I found both of these poems by the proverbial quick google, and quoted from them because both are good examples of their genre. I find them both very successful at what they set out to do: Blue the Shearer's riff on thongs is funny, and would go down well as a pub song or an open-mic crowd-pleaser; Kym's poem is touching and poignant, and deploys the techniques of its genre very skilfully. It is a poem that people would simply respond too because of its humane values and compassion. Bush Poetry is truly a living art form that lots of people connect with: it has an audience who genuinely respond to it, a far greater audience than the sort of poetry I was after could ever hope to achieve. By the criteria of reaching a far wider audience and of having instant appeal, it is much more successful poetry. It is celebrated and validated by the mass media and the community at large. I salute Bush Poetry, which I have read and listened to since I was a kid in Condobolin. I especially admire its genuinely Australian character - it is not a grovelling imitation of American style and values as so much "Australian" Country Music is.

But where does that leave skulking oddballs like me? My visit to Tuesday Pub Poet's club might be seen as an emblem of the poetry scene in Australia. Poetry here is valued primarily as a nationalistic expression of "Old Aussie Values", now applied to the modern world. Tortured metaphysicians and sonneteers have no part in such a scene, and are soundly and roundly ignored by the population at large. Poetry of the type published in The Shit Creek Review and similar zines is just not on the radar of Australians in general. They study some at school, though, and when Don Zirilli and Michael Cantor become classics, students will doubtless chew the ends of their pens over their poems too, producing such critiques for the examiners as "Zirilli uses words and sentences in this poem to make his language flow smoothly, revealing his hidden meanings..."

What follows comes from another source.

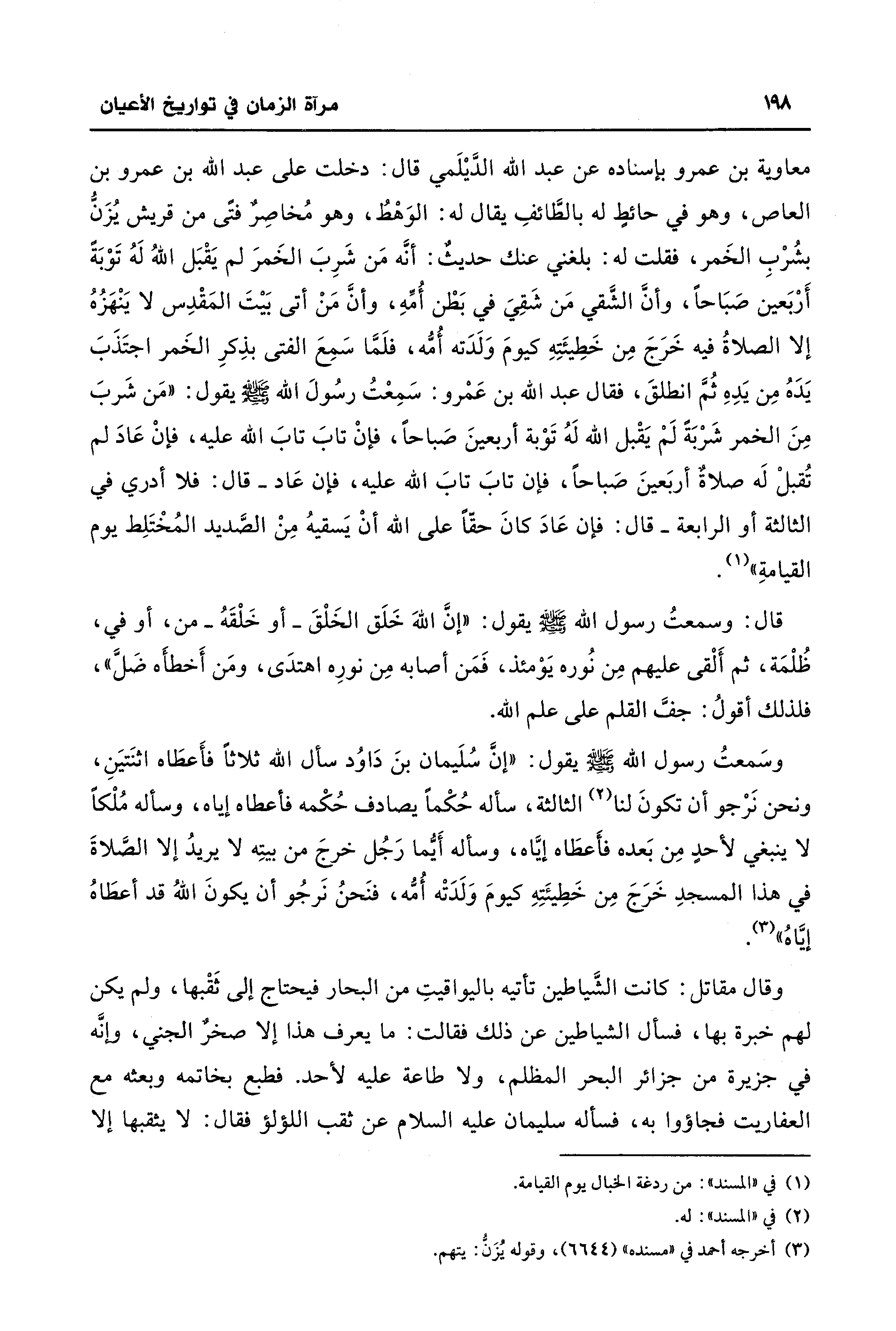 معاوية بن عمرو بإسناده عن عبد الله الدَّيْلَمي قال: دخلت على عبد الله بن عمرو بن العاص، وهو في حائطٍ له بالطَّائفِ يقال له: الوَهْطُ، وهو مُخاصِرٌ فتًى من قريش يُزَنُّ بشُربِ الخَمر، فقلت له: بلغني عنك حديثٌ: أنَّه مَن شَرِبَ الخَمرَ لم يَقْبَل اللهُ لَهُ تَوْبَةً أَربَعين صَبَاحًا، وأنَّ الشَّقي مَن شَقِيَ في بَطْن أُمِّهِ، وأنَّ مَنْ أتى بَيْتَ المَقْدِس لا يَنْهزُهُ إلا الصلاةُ فيه خَرَجَ مِن خَطِيئَتِهِ كيومَ وَلَدَته أُمُّه، فلَمَّا سَمِعَ الفتى بذِكرِ الخَمر اجتَذَبَ يَدَهُ مِن يَدهِ ثُمَّ انطلقَ، فقال عبد الله بن عَمرو: سَمِعْتُ رسُولَ الله - صلى الله عليه وسلم - يقول: "مَن شَربَ مِنَ الخمر شَربَةً لَمْ يَقْبل الله لَهُ تَوْبة أربعينَ صَباحًا، فإنْ تابَ تابَ الله عليه، فإنْ عَادَ لم تُقبلْ لَه صلا أربَعينَ صَباحًا، فإن تابَ تابَ الله عليه، فإن عَاد- قال: فلا أدري في الثالثة أو الرابعة- قال: فإن عَادَ كانَ حقًا على الله أنْ يَسقيهُ مِنْ الصَّديد المُخْتَلِط يوم القيامةِ" (¬1).

Well, I listened at the pub to a few theatrically declaimed rousingly patriotic or wistfully ironic Bush poems, but to be honest with you, the Little Creatures Pale Ale I was drinking was by far the most interesting part of the evening. That is my limitation, and my curse.

Anyway, yous blokes and sheilas, ere's me own bash at a pome for Australia Day. It's about our beautiful Wide Brown Land's fantastic birdlife - the feathered variety of course. Hope yous all like it! Up a gum tree Sport! Aussie! Aussie! Aussie! Oi! oi! Oi!


The Song of the Sulphur-crested Cockatoo


Each night I'm enthralled by the barking owl's call
I have come to admire so well;
I awaken each day in the most pleasant way
to the plaint of the amorous koel.

But there's one lilting tune sends me over the moon,
no matter how oftentimes heard:
such a musical note as cascades from the throat
of a soulfully poetic bird.

Can you believe it? Can you conceive it?
I wish you could hear, as I do,
the ravishing song of the sweet sulphur-crested
delicate white cockatoo!



Image courtesy of Patricia Wallace Jones

Tuesday, January 23, 2007

The Bright Side of Obscurity

I have been known to spend some time on a certain on-line photography forum, one in which photographers, would-be photographers and wannabe photographers all congregate to rate and critique each other's photos. As part of this judgmental sort of communication, I often hear the word "artistic" bandied about by people who think they know what it means. They will make comments like "this might be good as an artistic photo" or "if you don't center the subject this will look more artistic." They seem to know what "artistic" looks like.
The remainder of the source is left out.